Active listening (the ability to unpick the meaning of words and silence) is so integral to good communication and yet, it is so rarely championed – or even taught at school or later on in life. Think of the many many tomes which have been written on the art of speaking or public speaking since the time of Cicero, but when was the last time you read anything about learning to listen properly, something that can definitely be improved upon with a bit of effort. As a child, my Granny used to tell me, God gave you two ears and one mouth so you could listen twice as much as you speak.
The late American psychologist Edwin Shneidman said, “When you listen for the pain, hurt and fear in people, it is always there. And when people sense you doing that with no other motive than to alleviate all of those, they will lower their walls and reveal them to you.”
Listening promotes empathy along with being in the present. It takes some practice to not judge or let your mind wander off. The way we listen and engage with others mostly boils down to a mixture of the following: only listening to what someone is saying through the prism of our own perspective; at other times, we are assumptive listeners (the most obvious example of poor listening) whereby we assume we know what the other person will say. We are so caught up thinking about what the other person wants to say that we don’t hear what they are actually saying, either because we are too impatient or as a result from a past experience with them.
There’s also judgemental and defensive listening where we might criticise someone – and body language is also very much at play here – to the extent that the person withdraws. And finally, a sort of authoritative listening, the kind of listening where someone always has to be right.
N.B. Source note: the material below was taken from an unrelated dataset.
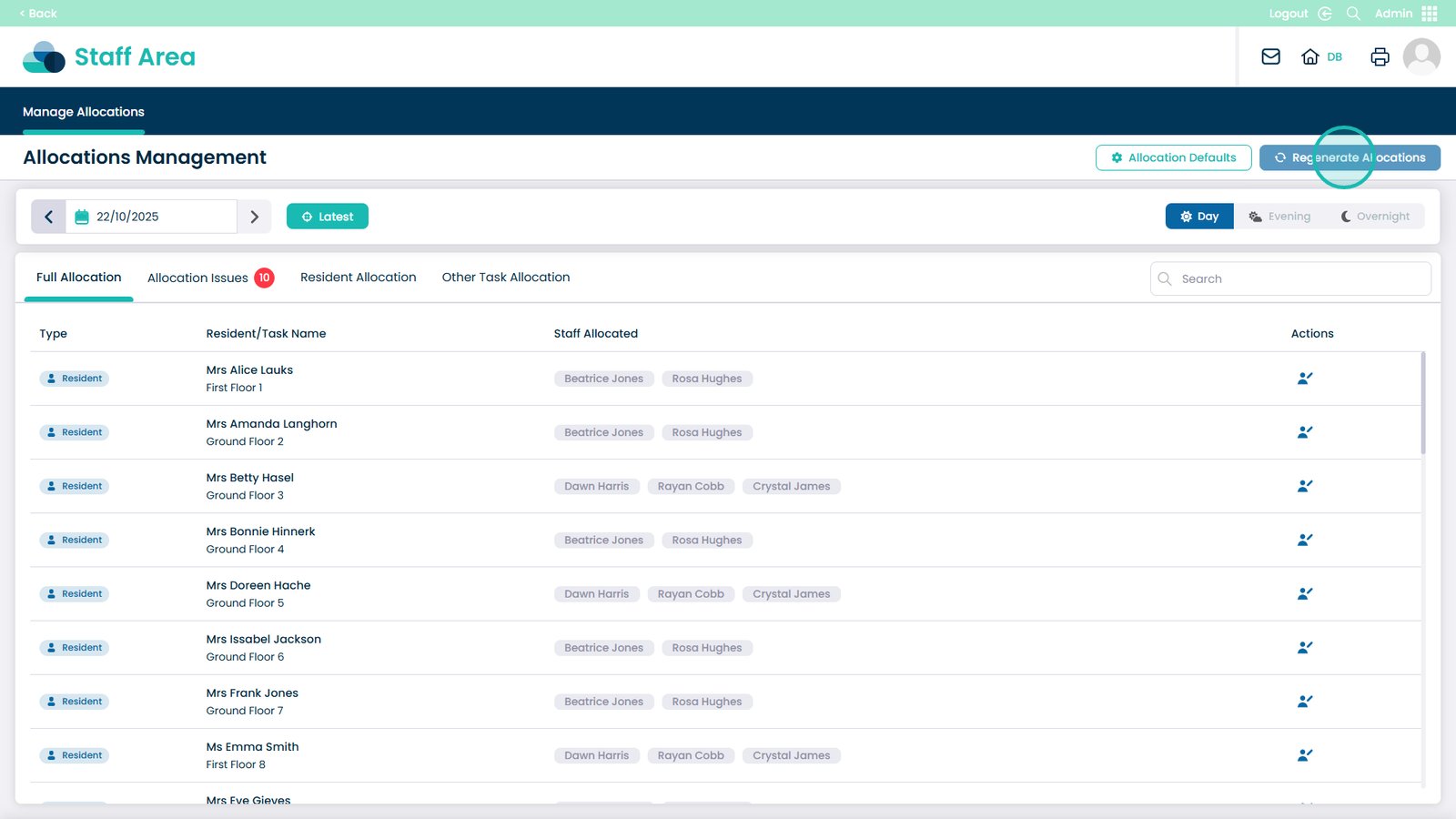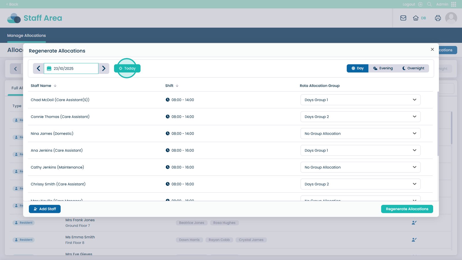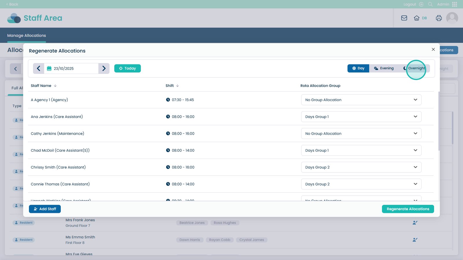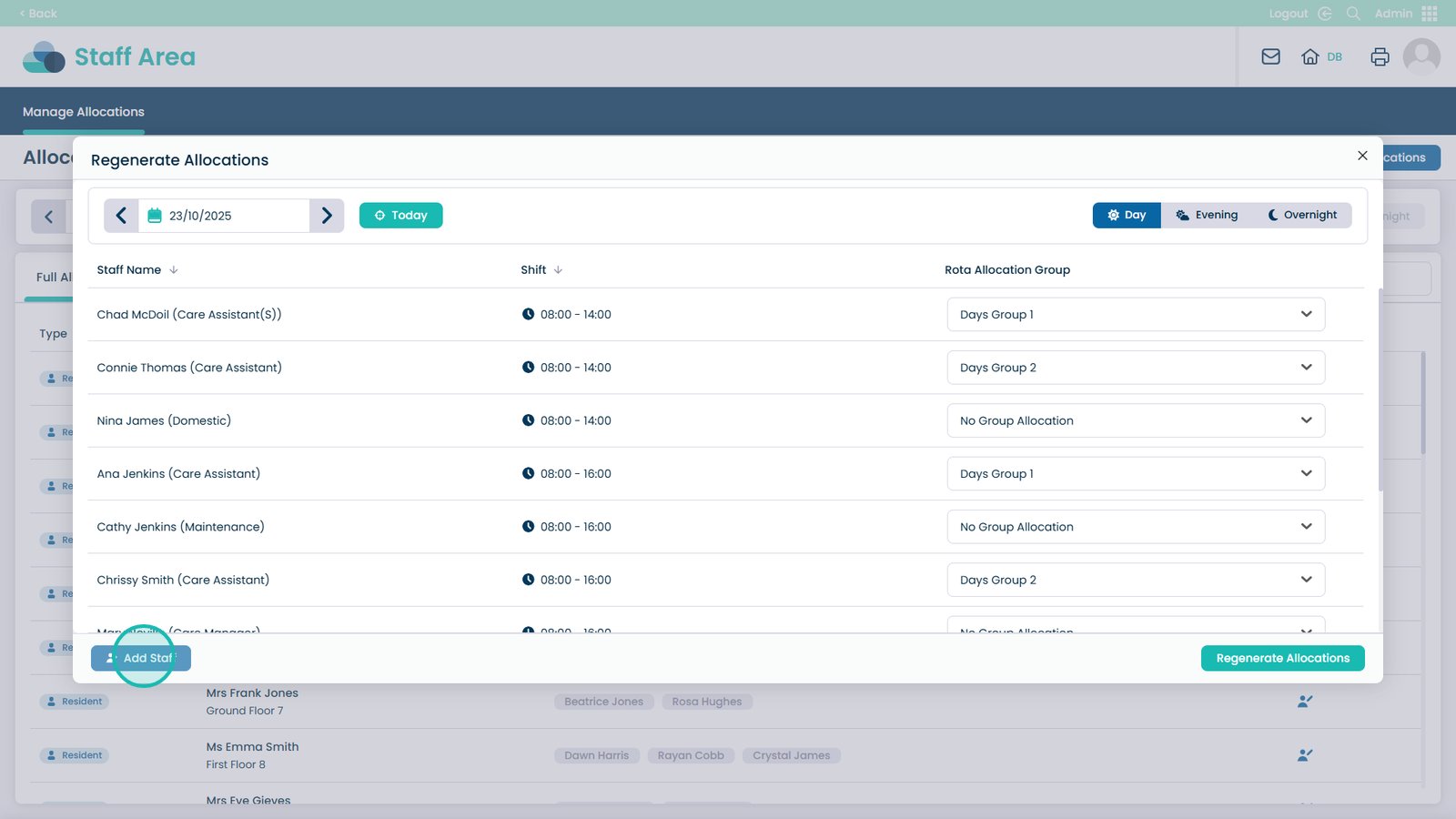 This guide provides a detailed walkthrough on how to regenerate staff allocations within the Care Control Admin App. It is designed to help managers and administrators efficiently manage staff allocations, assign team members to shifts, and update daily staffing arrangements. You’ll learn how to access the Staff Area, navigate the Manage Allocations screen, add or remove care staff, and regenerate allocations for different shift types, including Day, Evening, and Overnight.

There’s a lot of ‘should-ing’ that happens in this kind of conversation typically, an approach which implies that the speaker does not have anything of value to bring to the table.
To really listen of course, it helps to shut out the noise in our heads and adopt lightness. This is something that I come back to time and time again and I’ve written about before, but have you noticed that when there is a light hand on the tiller, (controlled, calm and confident) that everything just runs more smoothly, everything just IS better. Adopting lightness in every aspect of my life I have come to realise – relationships, work, conversations, that dealing with problems makes me feel more joyful and curious, more outward looking. Not only does this clear the mind and enable you to be more in the moment, it allows you to be a good listener.
How can we be better listeners? A good listener knows that, somewhat paradoxically we also need to learn to be a skilled interrupter by which I don’t mean charging in with our own ideas or advice before you have listened to the end of a sentence, but asking questions which delve deeper, are open-ended and which encourage the speaker to carry on. By doing so, you are able to elicit so much more from the person speaking.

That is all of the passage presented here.